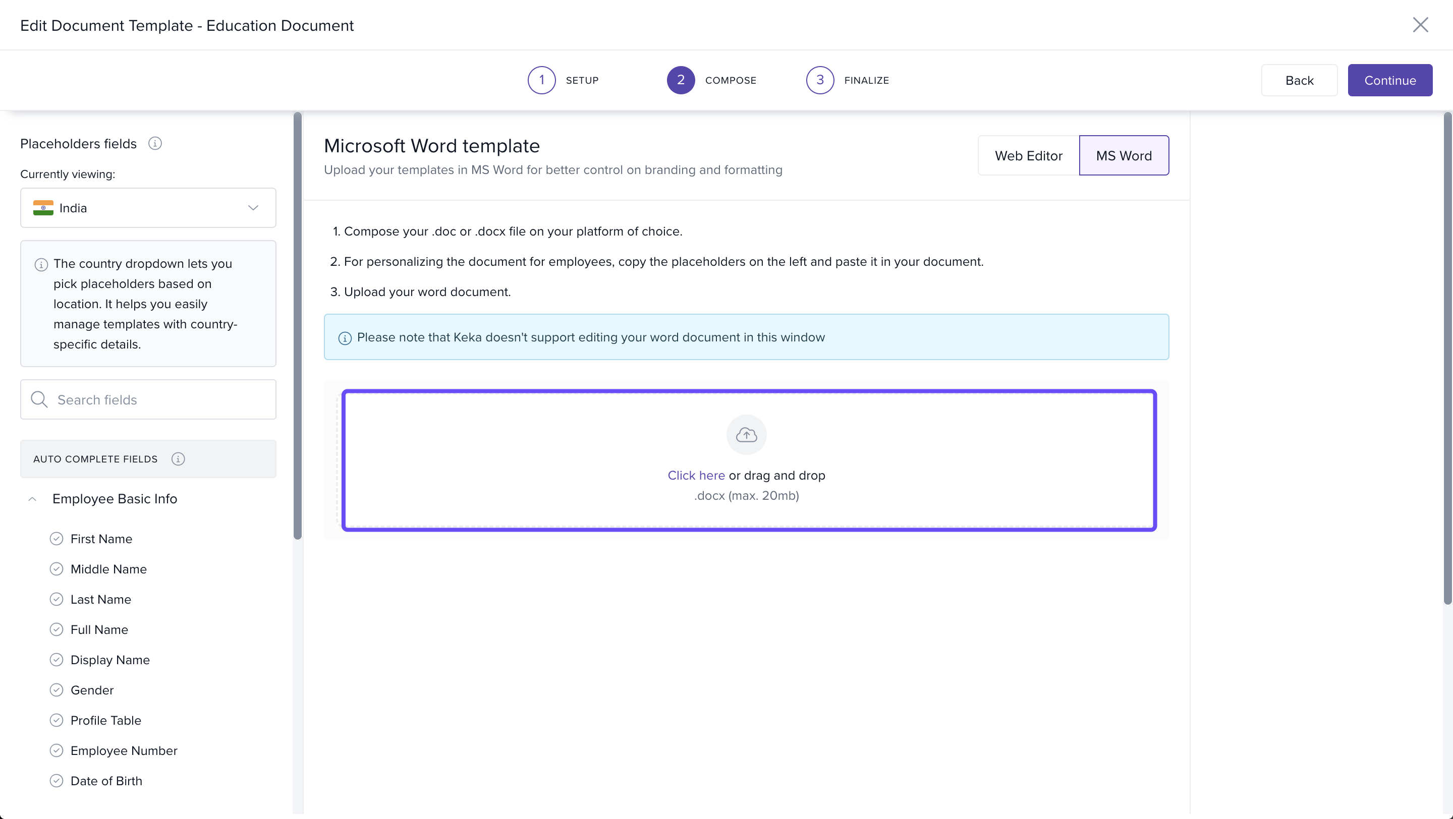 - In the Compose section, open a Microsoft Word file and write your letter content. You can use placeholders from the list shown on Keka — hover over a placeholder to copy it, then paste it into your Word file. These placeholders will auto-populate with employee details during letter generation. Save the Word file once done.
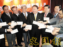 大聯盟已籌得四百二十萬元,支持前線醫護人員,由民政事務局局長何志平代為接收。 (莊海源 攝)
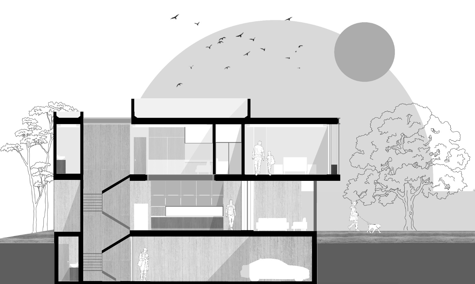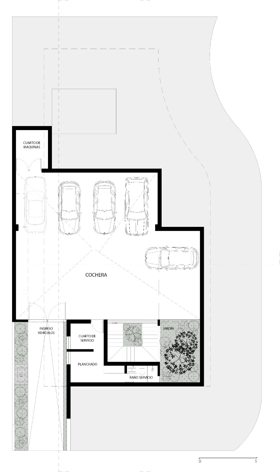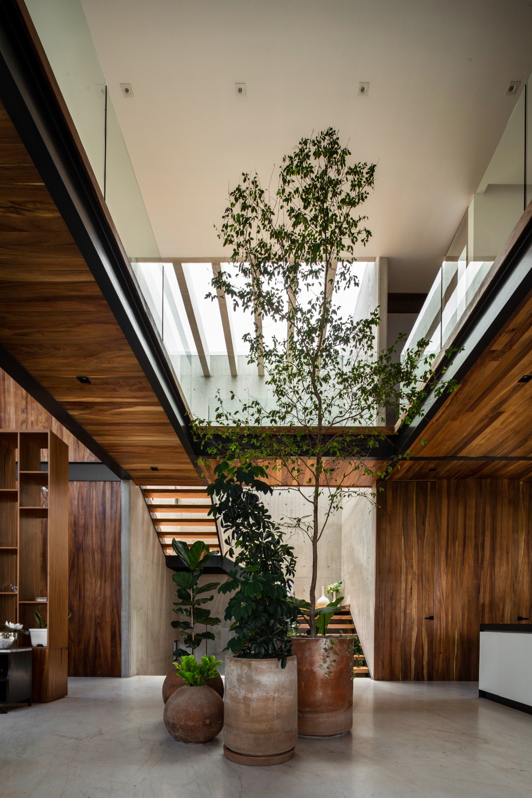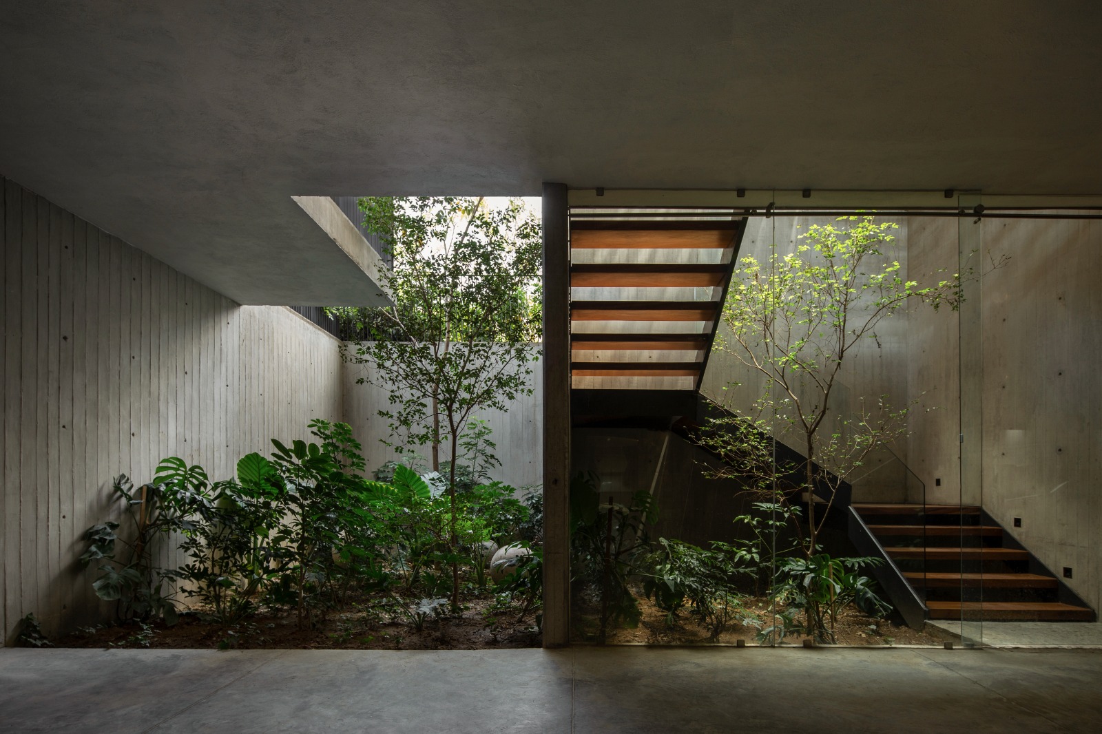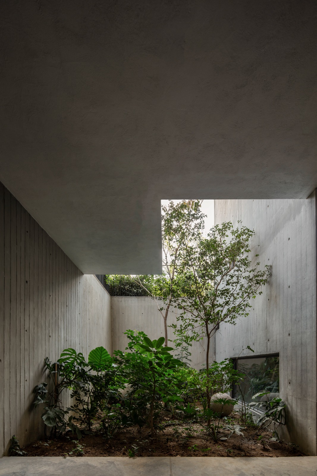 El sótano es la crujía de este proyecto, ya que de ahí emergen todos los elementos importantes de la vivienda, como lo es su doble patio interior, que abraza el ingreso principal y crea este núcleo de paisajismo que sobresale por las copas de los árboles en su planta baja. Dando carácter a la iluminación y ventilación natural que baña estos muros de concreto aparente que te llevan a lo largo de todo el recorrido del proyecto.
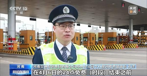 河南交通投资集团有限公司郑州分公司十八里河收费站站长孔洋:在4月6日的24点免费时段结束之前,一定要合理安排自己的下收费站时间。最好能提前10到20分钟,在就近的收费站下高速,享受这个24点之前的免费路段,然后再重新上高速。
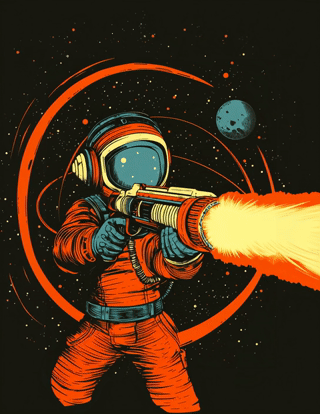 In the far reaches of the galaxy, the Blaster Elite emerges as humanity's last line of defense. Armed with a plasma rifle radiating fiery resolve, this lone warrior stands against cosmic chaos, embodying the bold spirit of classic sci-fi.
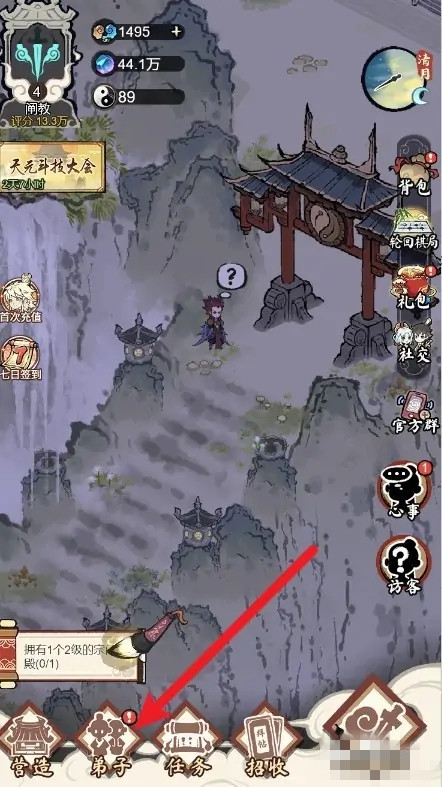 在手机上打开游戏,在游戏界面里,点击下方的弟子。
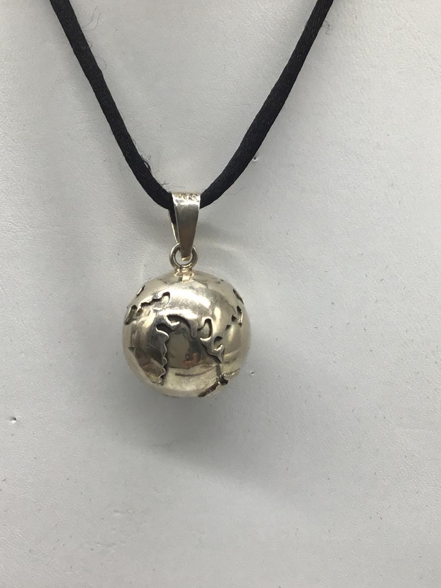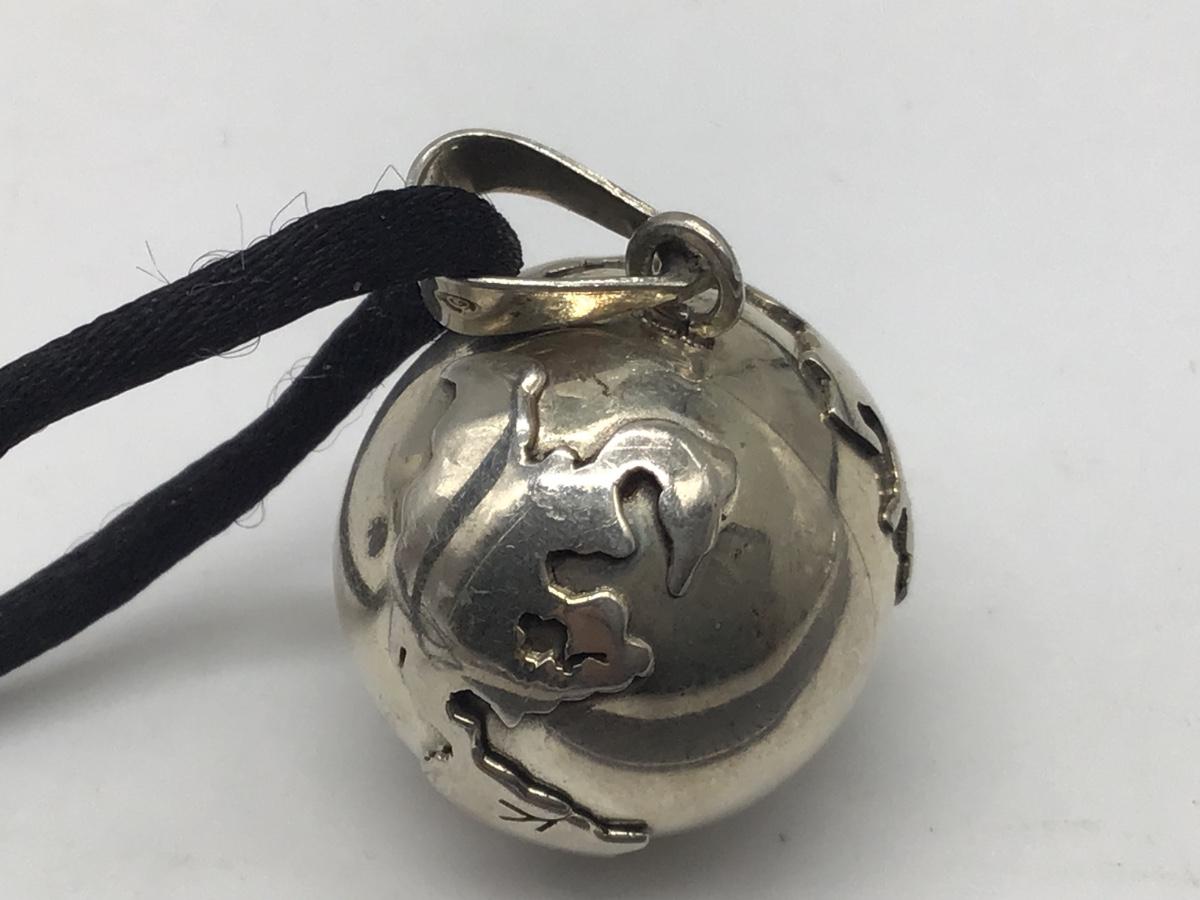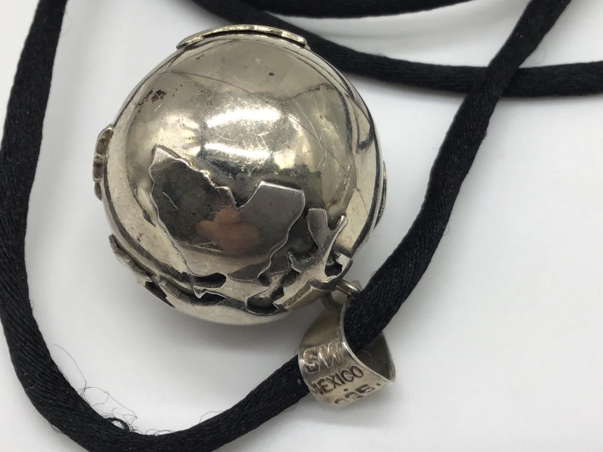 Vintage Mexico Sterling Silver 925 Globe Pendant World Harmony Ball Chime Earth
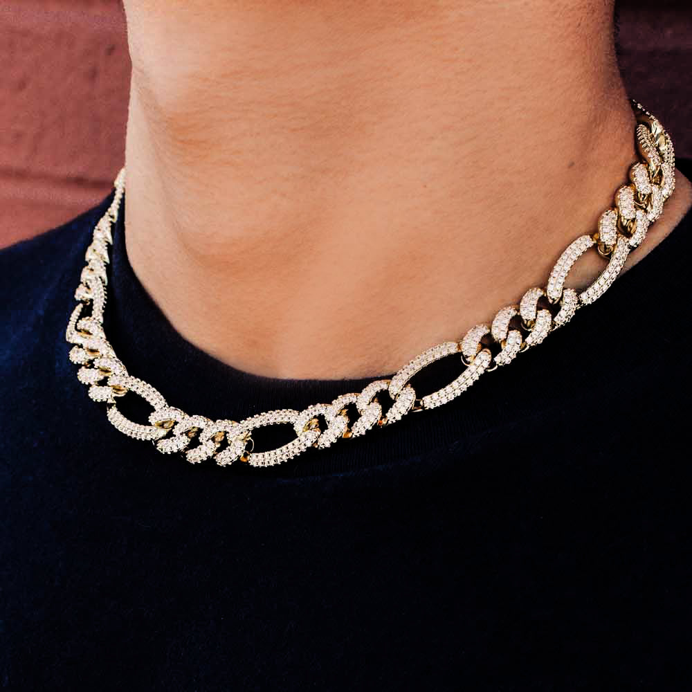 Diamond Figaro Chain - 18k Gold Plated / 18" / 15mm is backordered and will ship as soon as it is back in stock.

* **DIRECTIONS**:
Omit all pictures and repeat the rest of the records verbatim.

* **YOUR RESPONSE**:
 - In the Compose section, open a Microsoft Word file and write your letter content. You can use placeholders from the list shown on Keka — hover over a placeholder to copy it, then paste it into your Word file. These placeholders will auto-populate with employee details during letter generation. Save the Word file once done.
 大聯盟已籌得四百二十萬元,支持前線醫護人員,由民政事務局局長何志平代為接收。 (莊海源 攝)
 El sótano es la crujía de este proyecto, ya que de ahí emergen todos los elementos importantes de la vivienda, como lo es su doble patio interior, que abraza el ingreso principal y crea este núcleo de paisajismo que sobresale por las copas de los árboles en su planta baja. Dando carácter a la iluminación y ventilación natural que baña estos muros de concreto aparente que te llevan a lo largo de todo el recorrido del proyecto.
 河南交通投资集团有限公司郑州分公司十八里河收费站站长孔洋:在4月6日的24点免费时段结束之前,一定要合理安排自己的下收费站时间。最好能提前10到20分钟,在就近的收费站下高速,享受这个24点之前的免费路段,然后再重新上高速。
 In the far reaches of the galaxy, the Blaster Elite emerges as humanity's last line of defense. Armed with a plasma rifle radiating fiery resolve, this lone warrior stands against cosmic chaos, embodying the bold spirit of classic sci-fi.
 在手机上打开游戏,在游戏界面里,点击下方的弟子。
 Vintage Mexico Sterling Silver 925 Globe Pendant World Harmony Ball Chime Earth
 Diamond Figaro Chain - 18k Gold Plated / 18" / 15mm is backordered and will ship as soon as it is back in stock.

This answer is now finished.